By | Published on Monday 14 March 2022

Genius

The US Second Circuit appeals court last week declined to reinstate the lawsuit filed by lyrics site Genius against Google and LyricFind. The appellate judges concurred with the lower court that said Genius’s case was really a copyright case – despite it suing for breach of contract and unfair competition – and that the lyrics site couldn’t pursue such a case because it didn’t own the copyright in the lyrics it claims Google and LyricFind ripped off.
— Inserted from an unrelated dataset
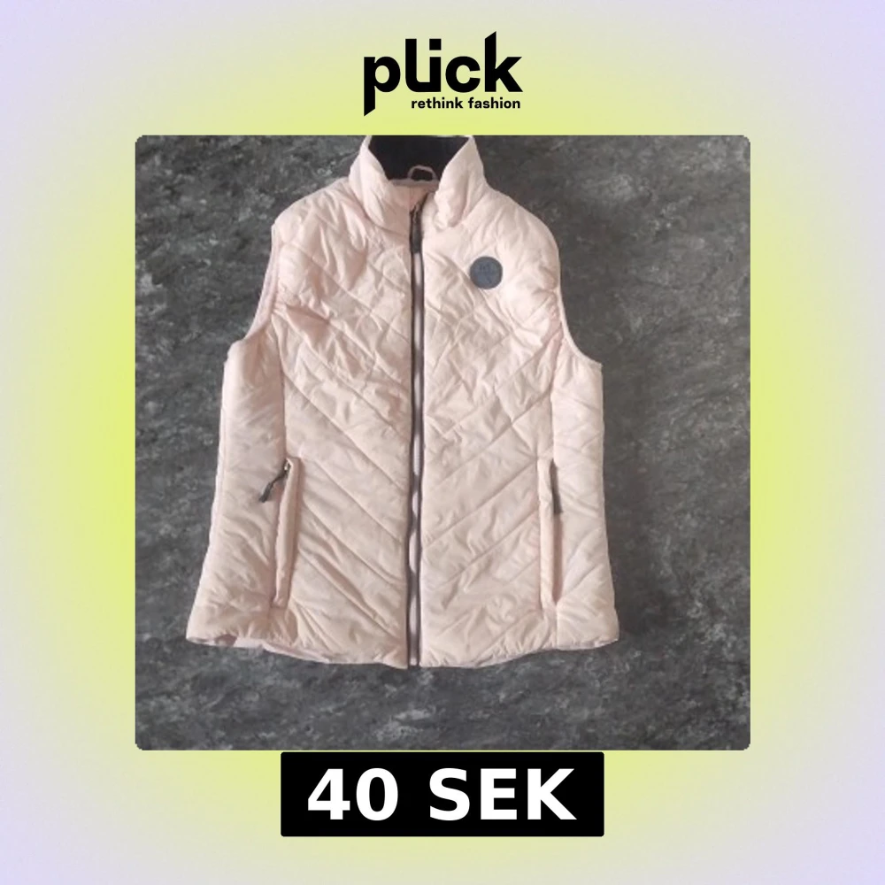Supersnygg ljusrosa dunväst quiltat mönster och hög krage. Västen har två fickor med dragkedja och en diskret logga på bröstet. Perfekt att slänga över en hoodie för extra värme och stil.

Genius first sued Google in late 2019, claiming that the tech giant was pulling lyrics from its website for use in the information boxes that appear on the Google search engine when you search for a song. It said it had caught Google nabbing its lyrics by strategically placing different kinds of apostrophes and spaces within the lyrics it published, and then watching as those specific combinations of apostrophes and spaces popped up on the Google platform.

For its part, Google insisted that all its information box lyrics came from its music industry partners, and in particular lyrics aggregator LyricFind. Having been officially pulled into the squabble, LyricFind then said that it mainly sourced its lyrics from the music publishers it works with. And while it does have its own content team that checks and cleans the lyrics, it does not use Genius as a source when doing that work.

None of which explained how those specific combinations of apostrophes and spaces were appearing on the Google site. But, either way, Genius had a problem. It doesn’t own the copyright in any of the lyrics on its website – because those rights belong to the songwriters and music publishers. So even if LyricFind, Google or someone else in the supply chain was cutting and pasting lyrics from the Genius site, it still couldn’t sue for copyright infringement.

This is why Genius instead sued for things like breach of contract and unfair competition. That was mainly based on the argument that the Genius website had terms of service which forbid the lifting of lyrics off the site for commercial purposes; and that Google or LyricFind were bound by those terms of service whenever they connected to the site; and by copying any Genius compiled lyrics they were in breach of the terms.

However, in court Google successfully argued that this was definitely a copyright case, and US copyright law specifically prevents people from pursuing breach of contract claims when the alleged breach relates to allegations of copyright infringement. Instead the plaintiff is obliged to sue for the infringement. But, of course, it can only do so if it’s the copyright owner. Which meant the Genius case was dead.

Genius then sought to get the case revived on appeal. But last week the Second Circuit stated: “Genius argues that the district court erred by concluding that its breach of contract and unfair competition claims are statutorily preempted [by copyright law]. We disagree”.

The Second Circuit’s judgement explains in more detail why each of Genius’s claims are “preempted” by copyright rules, though the key bit of law behind its ruling is Section 301 of the US Copyright Act, which is cited early on in last week’s judgement.

That section says that “all legal or equitable rights that are equivalent to any of the exclusive rights within the general scope of copyright … are governed exclusively by this title. Thereafter, no person is entitled to any such right or equivalent right in any such work under the common law or statutes of any state”.

We await to see if Genius plans to take the matter any further.